# Coop heat lamp too warm?



## Wyandotter (Dec 13, 2015)

It's about 30 degrees out right now and during the day it's about 30-40 degrees out. Today I put in the heat lamp for my chickens in there roostin area. All 14 of them sleep in this small area witch is about 3.5 feet tall (not including run area below just how tall roosting area is) the heat lamp in there is 250w and its right above my chickens. I closed the window but I don't know if it's to warm in there for them. Otherwise it's partially insulated some of the areas I haven't gotten too yet. What do you think?


----------



## dawg53 (Aug 25, 2015)

Thirty degrees? They dont need a heat lamp at all. Also there's risk of a fire with the heat lamp.


----------



## robin416 (Sep 8, 2013)

What dawg said. Remember they have the best insulator in the world, feathers. If they become chilled they lift the feathers trapping the warmth from their bodies close to the skin.

You shouldn't need heat for them at all unless you live some where it gets below zero and the wind is howling.


----------



## Wyandotter (Dec 13, 2015)

It does get in single Digits in wind chill. For when it does how do you prevent heat lamps causing a fire? Making sure there's no dust and that it isn't wet?


----------



## nannypattyrn (Aug 23, 2015)

We get down in the twentys and teens. I never heat the coop. I have a propane heater for the grow out pen for any younger birds we may have.


----------



## Nm156 (May 16, 2015)

Mine survived -24 in a metal shed without heat.


----------



## robin416 (Sep 8, 2013)

If the wind is not penetrating their coop they are not experiencing that temp at all. It's if they're in an open sided building that they get the benefit of wind chill. But sealing the coop where there is no ventilation at all is also a problem. Just keep them out of the wind, seal up cracks that the wind can whistle through but keep a vent source at floor level and the roof to prevent moisture build up. 
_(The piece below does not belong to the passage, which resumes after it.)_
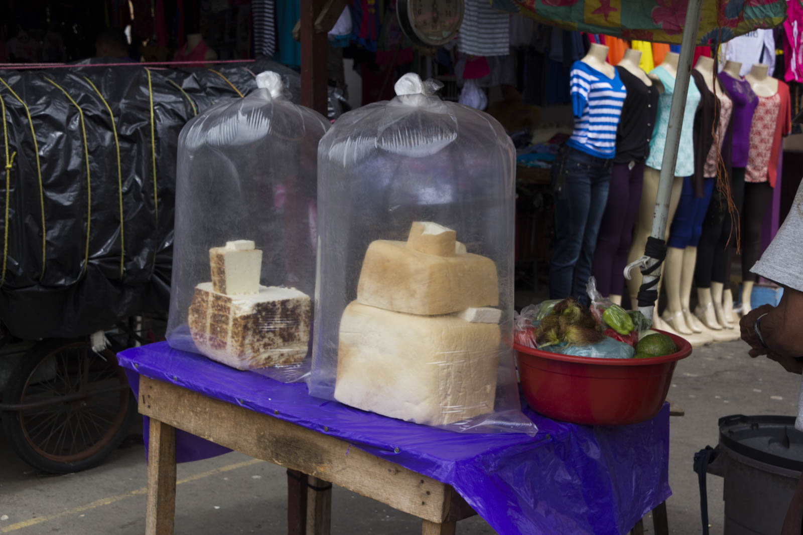 Toutefois, en ce qui concerne les vêtements, on reste ici dans les classiques occidentaux : points de tenues traditionnelles mayas ou autres ici. Ce qui enlève un peu de couleur et d’exotisme à ces marchés. Et du côté des produits alimentaires, faute de tortillerias, on n’a pas entendu non plus les claquements de main caractéristiques de la fabrication des tortillas.

There is no absolute way to prevent fire when any heat source is involved. And from your description of the size that bulb is way too big for the space.


----------



## chickenqueen (Jan 9, 2016)

I put 1 heat light out already but my coop is a metal shed covered in 4 heavy duty tarps for the winter so it's completely draft free.If it gets down in the teens or lower at night and 20's or lower in the day,I put out a 2nd light.It does not warm the coop too much,their water would still freeze if it wasn't a heated waterer.It does take the chill off.I know they don't really need it but it makes me feel better.


----------